This is a list of African American newspapers that have been published in the state of Utah.

Although new African American newspapers continued to be established in Utah through at least the 1990s, many of the state's historical African American newspapers date to a period of journalistic ferment between 1890 and 1910. During the late 19th and early 20th centuries, the state's African American population grew, reaching 1,144 in 1910. The state's first African American newspapers, The Broad Ax and the Utah Plain Dealer, were both established in 1895, and several others followed soon after.
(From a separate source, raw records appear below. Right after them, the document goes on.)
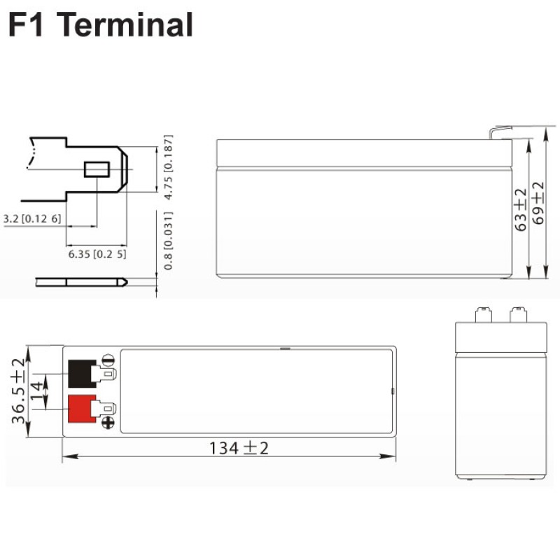 Διαστάσεις: - μήκος: 13.4 cm - πλάτος: 3.65 cm - ύψος: 6.3 cm - Τύπος Terminal: F1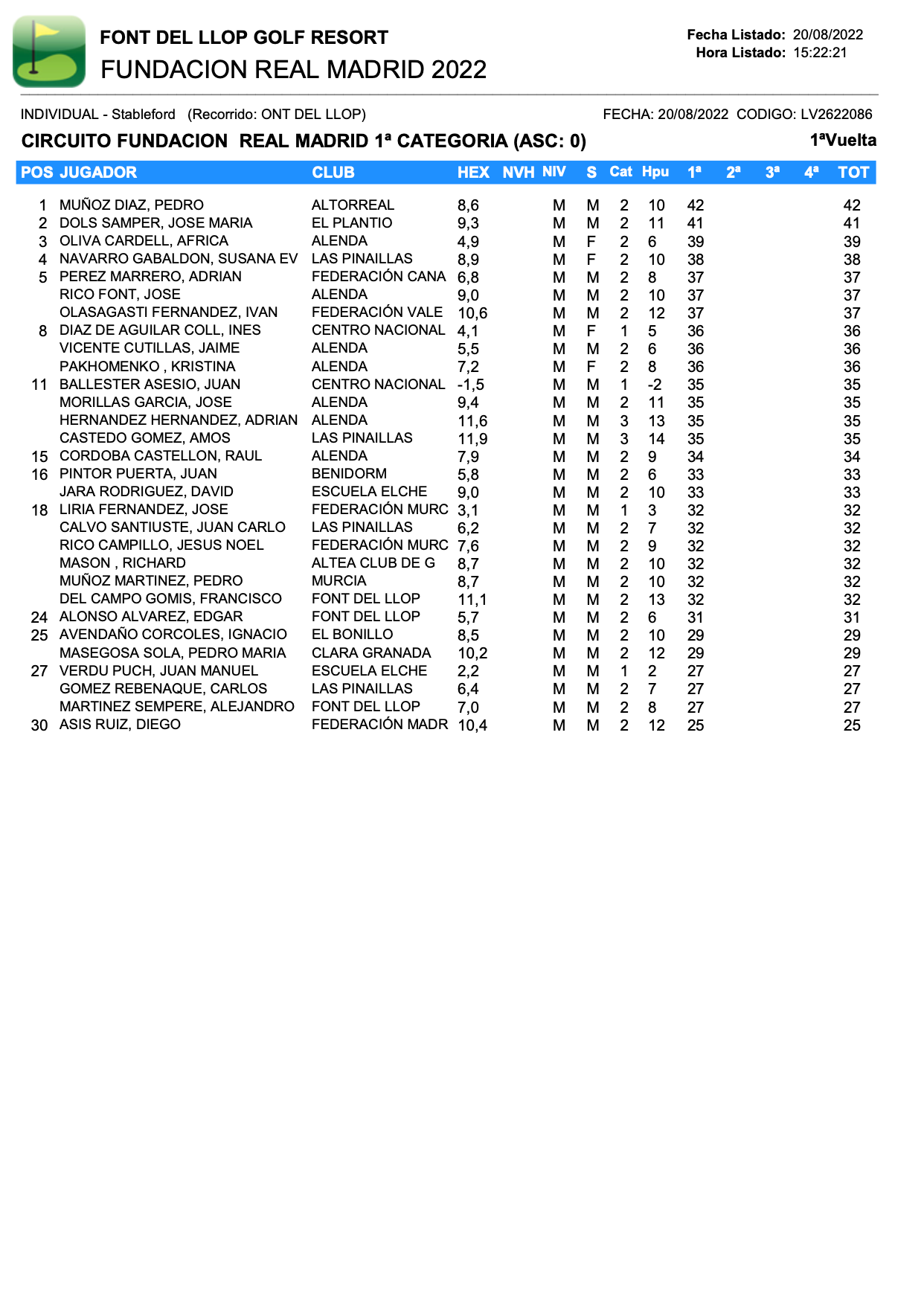 220820 FON, Clasificación 1ª Categoría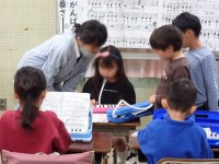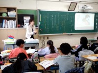 一人一人、新出漢字の先生を担当しているようです。担当になった漢字をワークシートにまとめて、順番に前に出て、ポイントを解説しながらみんなに教えていました。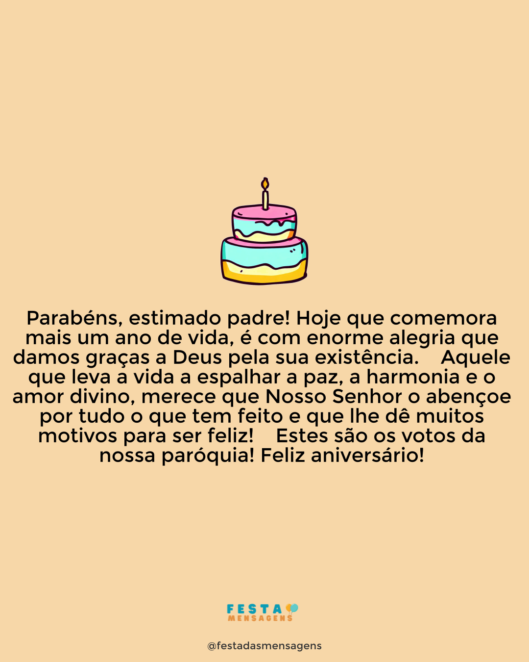 Vou pedir ao nosso Deus Pai Amado Para cobrir-lhe com o Manto Sagrado E conceder-lhe sua divina proteção Dando luz e conforto ao seu coração. Vou orar ao Nosso Deus Pai querido E fazer um importante pedido: Para Ele emanar suas melhores energias E trazer-lhe na vida as melhores alegrias. Vou rezar com muita fé, esperança e louvor Para que goze de saúde, paz e prosperidade Ganhe o merecido carinho e receba muito amor Meus parabéns nesta data tão querida! Um lindo, ótimo e feliz aniversário Com muitos e muitos anos de vida!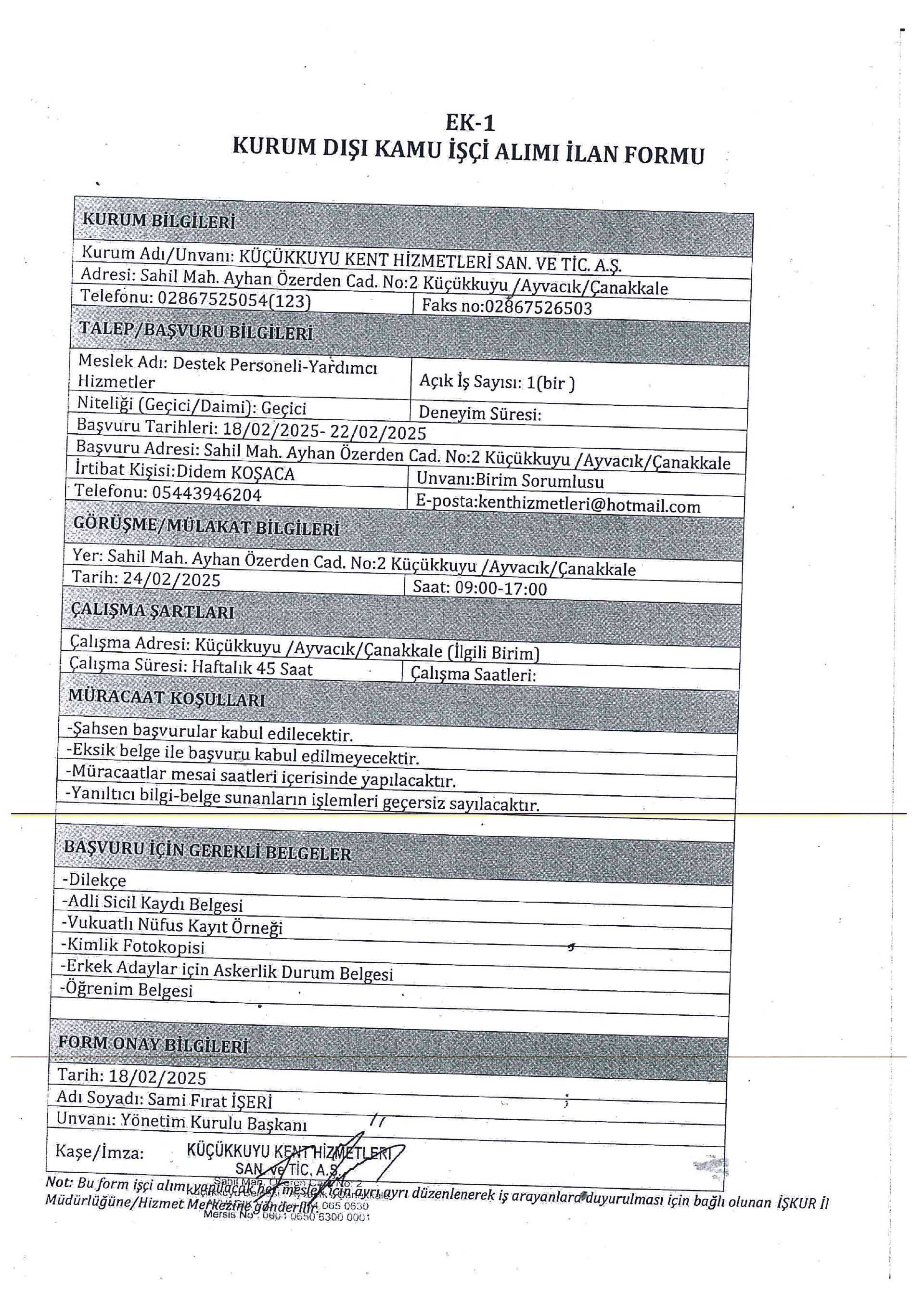 Çanakkale Küçükkuyu Kent Hizmetleri 1 İşçi Alacak. Son başvuru tarihi 22 şubat 2025

Many of these early local papers were members of the Western Negro Press Association, which held its fifth annual meeting in Salt Lake City in 1900. The Plain Dealer was the longest-lasting of the early papers, running for more than a decade from 1895 to 1909.

== Newspapers ==

| City | Title | Beginning | End | Frequency | Call numbers | Remarks |
|---|---|---|---|---|---|---|
| Ogden | Ogden Eagle | 1946 | 1947 | Weekly or twice-monthly |  | Ogden's first African American newspaper.; |
| Ogden | Intermountain Voice | 1949 | 1951 |  |  |  |
| Salt Lake City | The Advisory | 1992 | ? | Quarterly newspaper |  |  |
| Salt Lake City | The Broad Ax / BroadAx / Salt Lake City Broad Axe | 1895 | 1899 | Weekly | LCCN sn84024055, 2011254257; OCLC 10392922, 664616893; ISSN 2163-7202; | Available online; Moved to Chicago due to rising tensions with Mormon leaders, and continued as a Chicago paper until 1931.; Edited by Julius F. Taylor.; |
| Salt Lake City | Democratic Headlight | 1899 | 1899 | Weekly |  | Edited by J. Gordon McPherson, with A.B. Douglas and A.H. Grice.; |
| Salt Lake City | Tri-City Oracle | 1902 | 1903 | Weekly |  | Published by Rev. James W. Washington of Calvary Baptist Church.; |
| Salt Lake City | Utah Plain Dealer or Plaindealer | 1895 | 1909 | Weekly |  | Founded by James Finley Wilson and William W. Taylor.; |
| Salt Lake City | Town Talk | ? (between 1890 and 1910) | ? |  |  | Edited by Willis P. Hough.; |
| Salt Lake City | Western Recorder | 1897 | 1897 | Weekly |  | Published by S.P. Chambers.; |
| Salt Lake City | Wordpower | 1970 | 1972 | Biweekly | OCLC 17653614; | Free newspaper supported by advertising.; |
| Salt Lake City | Central Worker / Central City Worker | 1971 | 1972 | Biweekly | LCCN sn86091204; OCLC 13211697; | Free newspaper supported by donations and grants.; |
| West Valley City | The Mountain West Minority Reporter and Sentinel | 1990 | ? | Bimonthly newspaper | LCCN sn86091581; OCLC 22576855; | Advertised as "The voice of Black America in Utah, Idaho, Nevada, Oregon & Colorado."; |

==See also==

- List of African American newspapers and media outlets
- List of African American newspapers in Arizona
- List of African American newspapers in Colorado
- List of African American newspapers in Nevada
- List of newspapers in Utah

==Works cited==
- Abajian, James De Tarr (1974). "Blacks and Their Contributions to the American West: A Bibliography and Union List of Library Holdings Through 1970"
- Alter, J. Cecil (1938). "Early Utah Journalism"
- Junne, George H. (2000). "Blacks in the American West and Beyond--America, Canada, and Mexico: A Selectively Annotated Bibliography"
- May, Dean L. (1987). "Utah: A People's History"
- Pride, Armistead Scott (1997). "A History of the Black Press"
- Sweeney, Michael S. (2009). "Julius F.Taylor and the Broad Ax of Salt Lake City"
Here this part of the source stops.